The older brother of Lesley Visser, a sportscaster for CBS and the only woman to be recognized by the Pro Football Hall of Fame, he flew out unannounced to CSM almost a week after last year’s Super Bowl for a site survey of College Heights Stadium, located one exit away on Highway 92 from Serra High, the old stomping grounds of NFL stars Tom Brady and Lynn Swann.
“I stopped immediately,” said Visser, a sports producer who will be working his 30th Super Bowl next month. “This is it. We have never had a more spectacular and fitting venue for one of our games ever. This is an incredibly inspiring game and this is an incredibly inspiring venue. On top of free autograph and photo opportunities, raffles will include 49ers, Raiders and NFL autographed jerseys, helmets and footballs.
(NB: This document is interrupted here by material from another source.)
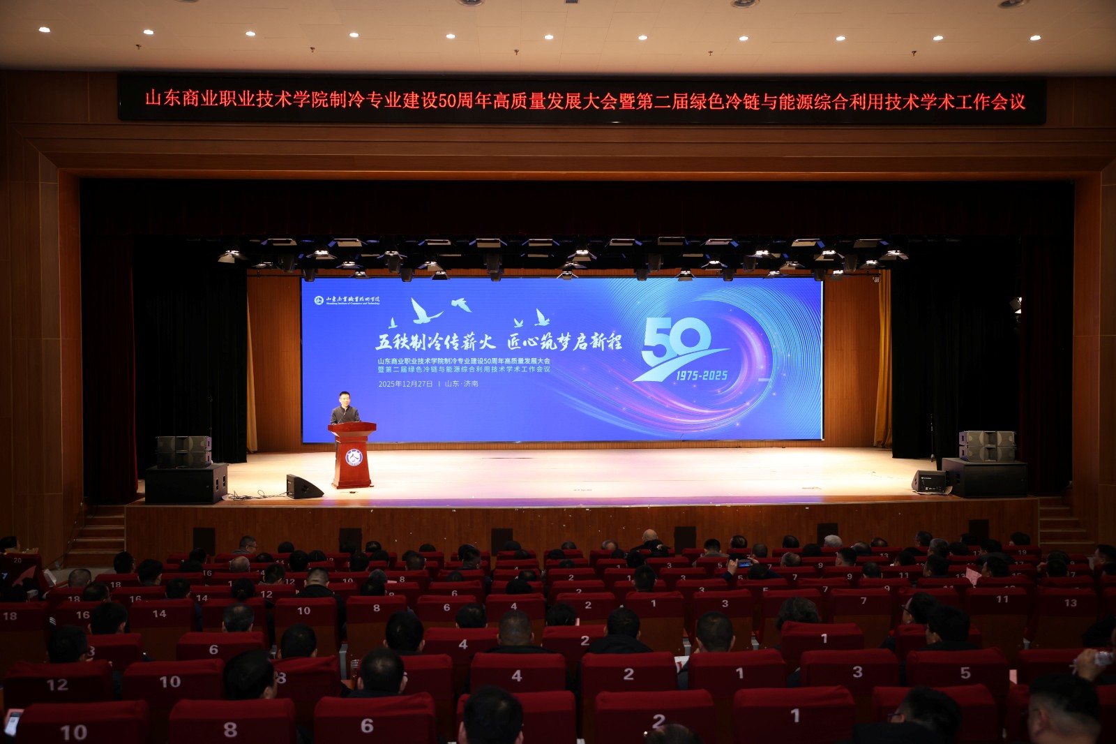 12月27日,制冷专业建设50周年高质量发展大会暨第二届绿色冷链与能源综合利用技术学术工作会议在山东商业职业技术学院召开。机械工业教育发展中心工程教育与职业教育处处长吕冬明,中国制冷学会副秘书长王从飞,中国制冷空调工业协会副秘书长陈敬良,山东制冷学会理事长李永安,山东省家用电器行业协会会长田占军,冰轮环境技术股份有限公司副总裁张会明,山东商业职业技术学院党委书记邓迎迎,党委副书记、院长张宗国等领导嘉宾出席会议。来自院校、企业代表,学校制冷专业离退休教师、历届校友及在校师生代表共计900余人参会。会议由学校党委副书记宋超,党委委员、副院长方玉鹏主持。

Plans were also in the works for pregame workouts between local high school players alongside the wounded warriors and NFL alumni.
“We will have a walk through that morning,” Visser said. “But that’s really our practice, much to the dismay of Kenny Mayne and Snoop Dogg and a couple of the guys on the team, who would like us to practice for the whole week.”
The halftime show will include a performance by Marlisa, winner of X Factor Australia’s sixth season in 2014. The 16 year old will sing the hit song “Titanium” and has a video tribute for the WWAFT available on YouTube, which is produced with her title winning song “Stand by You.”
“The beauty of this thing, as you can kind of gather from what Chris is saying, is at the Super Bowl we all become kind of passive participants,” CSM athletic director Andreas Wolf said. “This is interactive. This is bringing people onto this campus and engaging with our veterans, with NFL alumni and kind of getting some sweat and shaking hands and being able to run on the field with them.”